Lew shrugged. ‘It’d be all the same to the sensationalist news stations.’
Barney moved around the lounge. ‘So I’m pretty much a prisoner here. That’s what it boils down to, I suppose?’
‘A prisoner surrounded by luxury, with room service laid on - even a VR tank.’
Barney nodded. ‘That I appreciate.’ He looked across at Lew, feigning gratitude. ‘It’ll be nice to visit Estelle from time to time.’
Lew proceeded to outline Barney’s day-to-day regime. ‘From nine till one, six days a week, you’ll be down at the labs while the techs run a few tests. After that, the time’s your own. You can use VR up to the legally permitted twenty-four hours, just so long as it doesn’t interfere with the lab hours. I’d advise you start working out, if you intend to make use of VR. You can order meals at any time, just as if you were in a top hotel. There’s even a bar a couple of floors down. You’re welcome to use it at any time.’

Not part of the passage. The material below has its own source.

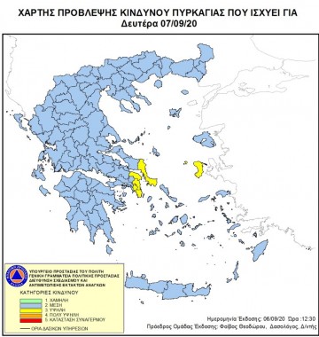 Για αύριο Δευτέρα 7 Σεπτεμβρίου, σύμφωνα με τον Χάρτη Πρόβλεψης Κινδύνου Πυρκαγιάς της Γενικής Γραμματείας Πολιτικής Προστασίας προβλέπεται υψηλός κίνδυνος πυρκαγιάς (κατηγορίας 3) σε ορισμένες περιοχές της Αττικής, της Εύβοιας & στη Χίο.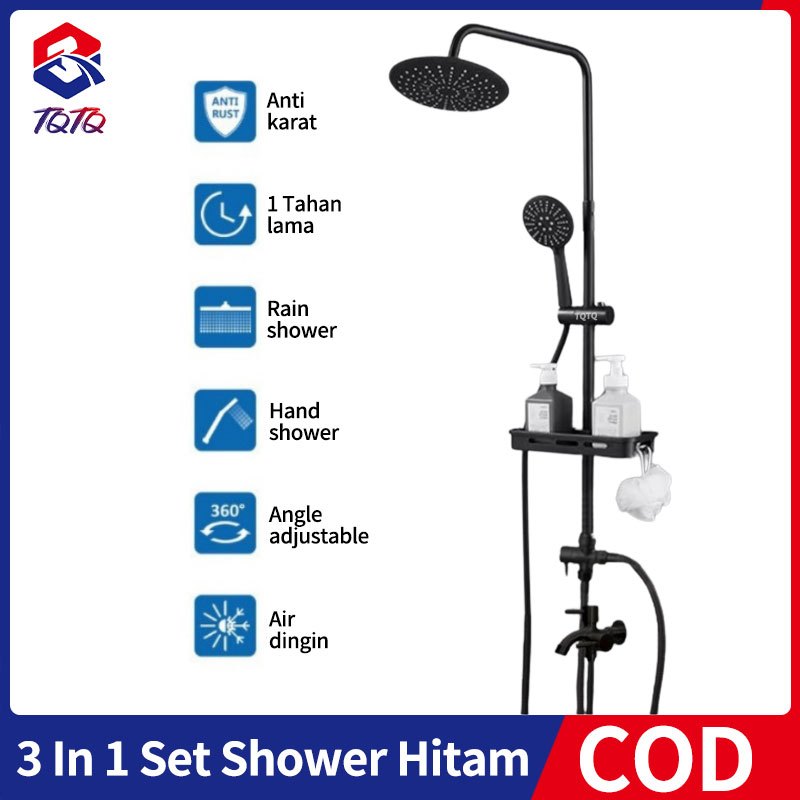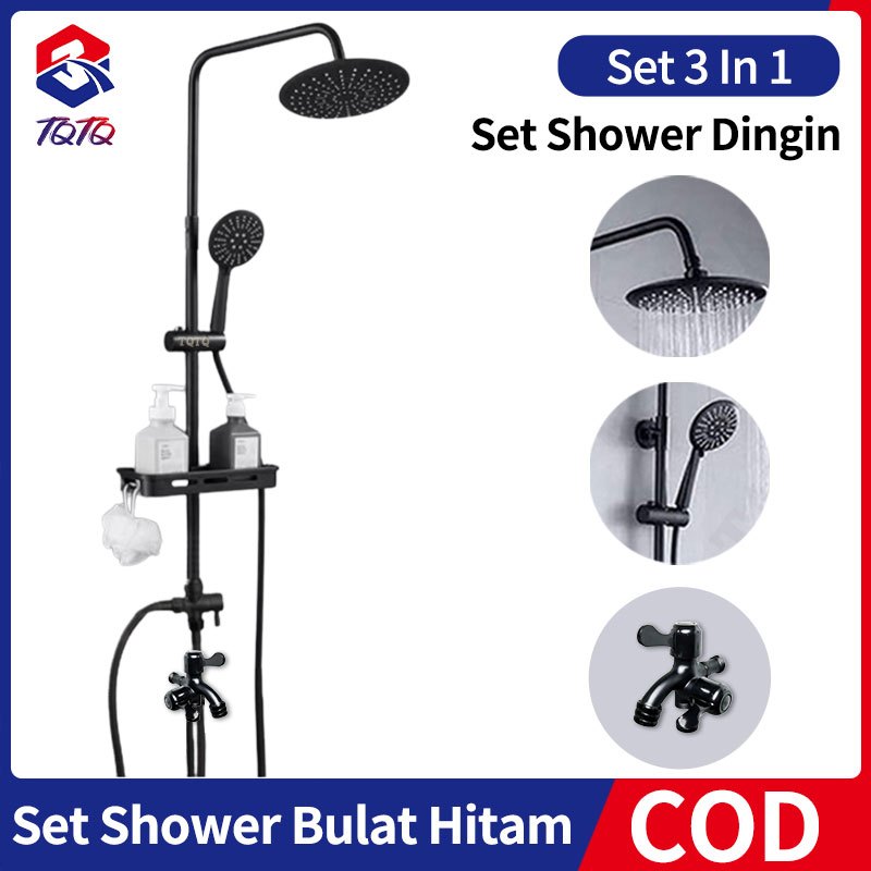 TQTQ Paket Shower Kamar Mandi Bulat Stainless Wall Mounted Hitam Set

Barney nodded. ‘For a high-security penitentiary, Lew, it’s pretty damned civilised.’
‘We try to be humane, here at Mantoni,’ Lew said, sounding as though he were spouting the party line.
Barney stared at him. ‘Yes, but am I, technically speaking, human?’
‘As far as I’m concerned, Barney, you’re as human as me.’
In that case, Barney thought, I pity you.
He moved to a full-length mirror on the wall and for the first time looked into the eyes of his new host.
Lew cleared his throat. ‘What do you think?’
He stared at the face that regarded him with the look of a stranger. It was a hard face, tanned, dark-eyed; it appeared suspicious.
Barney turned to Lew. ‘It looks mean. I’m not sure I like it. I don’t suppose you have one of those ... what the hell are they called? Chus? Programmed with my old appearance?’
Lew nodded. ‘I’ll see what I can do.’
Barney smiled, nodding. ‘I’d appreciate it, Lew,’ he said, and turned back to his reflection.
His life soon slipped into a regular routine. In the mornings he endured the attention of the tech team in the labs on the 90th floor. They jacked leads into his NCI and consulted read-outs and com-screens. They had him performing various isome
tric exercises to calibrate NCI-body compatibility. He underwent memory tests and psychological profiling. He wondered how long they would take to work out that, although on one level their experiment had been a remarkable success, it had failed to reproduce the whole human being. He wondered when they would come to the conclusion that they had created a human-like robot, and what they might do with him then.
In the afternoons, he retreated to his suite and immersed himself via his tank in virtual reality. He always made for the Californian idyll they had created for his original, ignored the villa and the construct of Estelle that presumably still existed there, and made his way up the beach to the rent in the matrix beneath the pine tree.